## Work item
From the line with "9日下午,长沙地铁4号线湖南大学站,几台挖土机在清理爆破后的碎石。记者田超 摄" through the line with "Opel Kadett tabliczka znamionowa + znakowanie", inclusive, return each line of the data below exactly and leave the rest out.

## Given records
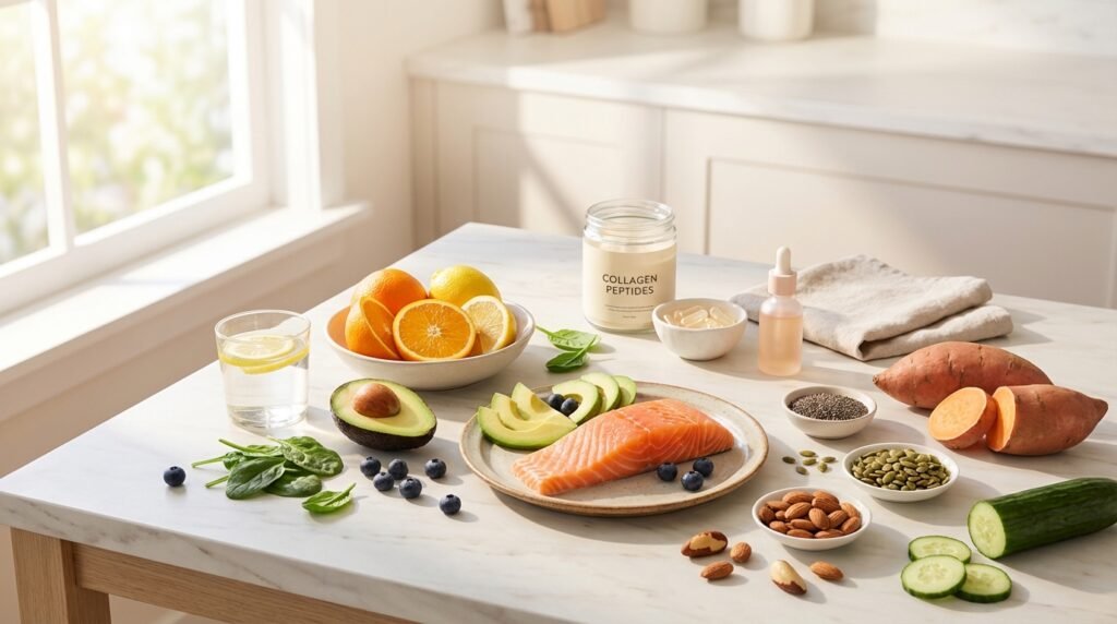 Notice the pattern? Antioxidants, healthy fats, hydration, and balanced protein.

==

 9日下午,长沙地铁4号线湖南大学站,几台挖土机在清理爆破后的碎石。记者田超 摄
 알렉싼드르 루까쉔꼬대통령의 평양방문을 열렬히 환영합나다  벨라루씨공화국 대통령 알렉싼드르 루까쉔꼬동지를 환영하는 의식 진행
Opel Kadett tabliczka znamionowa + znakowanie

## Answer to the problem
 9日下午,长沙地铁4号线湖南大学站,几台挖土机在清理爆破后的碎石。记者田超 摄
 알렉싼드르 루까쉔꼬대통령의 평양방문을 열렬히 환영합나다  벨라루씨공화국 대통령 알렉싼드르 루까쉔꼬동지를 환영하는 의식 진행
Opel Kadett tabliczka znamionowa + znakowanie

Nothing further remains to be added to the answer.